In the following video Alvin Bean, the oldest son of Willard and Rebecca, talks about growing up on the Joseph Smith farm, his dad purchasing the Hill, reforesting the Hill, and meeting a young missionary named Gordon Hinckley who stopped by on his way home from England.
PURCHASING THE HILL
Willard Bean facilitated the purchase of several important church historical sites in and around Palmyra. One of the most interesting transactions was the purchase of the Hill Cumorah.
The following is from the personal journal of Willard Washington Bean.
When I arrived in Palmyra, with my family, in 1914, to take over the Joseph Smith farm and act as caretaker, we found the sentiment toward Joseph Smith not unlike that which prevailed at Nazareth toward the Master when he began his earthly ministry. I realized more than ever before the full significance of Jesus’ saying: “No prophet is accepted in his own country.” Joseph Smith was commonly referred to as a tow-headed, illiterate dreamer and fortune teller, an idle jack-knife swapper, a musk-rat and wood-chuck trapper, a chicken thief, sheep thief, smoke purloiner, visionary gold digger, etc.
And they could prove it to their entire satisfaction from the accepted history of Wayne County, which has a wilfully and contemptibly written chapter on the Smith family and Mormonism. This was read by each generation as it grew up, and the junior and senior high school students seemed to pride themselves in basing one of their oratoricals each year on this particular chapter. It was a popular theme, as the history was taken at face value. It also mentions, among other things, that an attempt was made in 1830 to proselyte the people of Palmyra to “Joe Smith’s delusions,” and Oliver Cowdery gave a talk in the ”Young Men’s Club” hall, but met with so cold a reception that he never made a second attempt and “Palmyra is well rid of a bad lot.”
So, naturally, when the good people of Palmyra learned that a Mormon family had settled on the old Smith homestead near Palmyra, they were a little curious to see us, but didn’t seem to warm up much toward their new neighbors. But that was quite natural and rather to be expected, especially after I had familiarized myself with local history and listened to the old stories that had been handed down from one generation to another. We were pointed out and discussed in all assemblies. Another thing that possibly gave occasion for some of the more fertile imaginations to work overtime on gossip, was that my [second] wife happens to be some years younger than myself, and we brought two children, 12 and 14 years of age, from a former marriage. This, of course, was the latest addition to my harem, and that it was customary to live with each new one for seven years, etc. To help keep this gospel alive, five different anti-Mormon lecturers were booked to lecture in the churches on the four corners. Resolutions were passed by various auxiliary organizations of the churches, farmers’ grange association, etc., pledging themselves to discourage any attempt at Mormon propaganda and to show their disapproval by non-attendance.
But they soon learned to tolerate us and, in time, to respect us; and, finally, decided that we were good citizens and an asset to the community.
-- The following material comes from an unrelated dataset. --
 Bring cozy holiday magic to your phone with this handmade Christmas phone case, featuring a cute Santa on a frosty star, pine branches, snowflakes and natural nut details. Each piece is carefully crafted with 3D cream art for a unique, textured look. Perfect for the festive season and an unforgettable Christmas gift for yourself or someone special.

About five years ago [abt. 1923] we purchased the J.H. Inglis farm, consisting of 97 acres, situated on the state highway and taking in part of the hill Cumorah. About three years ago [abt. 1925] we negotiated a deal whereby we came into possession of the Peter Whitmer farm in Fayette, Seneca County. This farm consists of 100 acres, and is historic by reason of its being the birth place of the Church, where part of the Book of Mormon was translated, where a number of the early revelations recorded in the Doctrine and Covenants were received, and where the three special witnesses saw the angel Moroni and the gold plates.
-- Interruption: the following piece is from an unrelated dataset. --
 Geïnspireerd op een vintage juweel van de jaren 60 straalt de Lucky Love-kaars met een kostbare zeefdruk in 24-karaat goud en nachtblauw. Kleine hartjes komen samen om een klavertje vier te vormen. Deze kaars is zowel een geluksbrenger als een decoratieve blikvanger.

While Pliny T. Sexton was alive, he phoned me to call at his office as he had a matter of interest to our people to talk over with me.
President Grant and his counselor, C. W. Nibley, accompanied Willard to visit with Sexton at his bank. The banker suggested a price of $100,000 for the purchase of the hill. Willard told Sexton he had been listening to tales of the fabulous wealth of the Mormon Church and informed him that the Church had done quite well without the hill for nearly a hundred years and would continue to do so until a more realistic offer was made.
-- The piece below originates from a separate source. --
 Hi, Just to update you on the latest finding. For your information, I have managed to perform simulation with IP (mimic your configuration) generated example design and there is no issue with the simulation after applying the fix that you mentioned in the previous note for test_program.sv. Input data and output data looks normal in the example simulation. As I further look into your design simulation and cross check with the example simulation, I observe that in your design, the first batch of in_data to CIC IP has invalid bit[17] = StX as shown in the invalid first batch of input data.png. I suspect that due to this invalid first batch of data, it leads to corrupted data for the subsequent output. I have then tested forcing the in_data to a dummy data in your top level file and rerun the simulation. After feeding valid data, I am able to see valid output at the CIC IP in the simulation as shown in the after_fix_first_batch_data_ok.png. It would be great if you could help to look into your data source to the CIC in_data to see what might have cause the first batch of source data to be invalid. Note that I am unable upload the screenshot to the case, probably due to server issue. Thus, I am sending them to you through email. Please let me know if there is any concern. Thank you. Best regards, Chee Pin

As they drove back to the farm, President Nibley said, “When the Lord wants us to get possession of that hill, the way will be opened up.”
Again from Willard’s journal:
Subsequently, he [Sexton] died, leaving his vast property accumulations to one hundred two heirs, the nearest of kin being two nieces. When the question of disposing of the hill Cumorah property came up, certain of the principal heirs, influenced, more or less, by prejudice, were opposed to selling it to the Mormons at any price and were even willing to lose their share, if need be, to keep it from falling into our hands. Death removed some of those opposed and, early in the present year , it seemed that the coast was about clear of obstacles. I had a talk with the attorney who represented some of the more obstreperous ones and during the next meeting of the executors and heirs, or their representatives, there was no protest registered. The attorney for the estate called me by phone and wanted to see me at once. He seemed ready and eager to talk business; was in a very pleasant mood. After examining a number of propositions, one came up that I thought we might accept. I told him to put it in writing, sign it and get the other executor (one had previously died) to sign it, and I would make a deposit if necessary, and start negotiations. The agreement was written and signed. I went home and immediately wrote to the authorities, enclosing the proposition with signed agreement, asking them to consider it if they felt that the right time had arrived for us to acquire the hill Cumorah. This was on February 2, and, in a few days, I received the following letter, dated also February 2:
“See lawyer of Sexton estate and get definite offer for Hill Cumorah alone if possible, if not with adjacent properties. Put it in writing and put up forfeit and let us hear from you at earliest convenience.”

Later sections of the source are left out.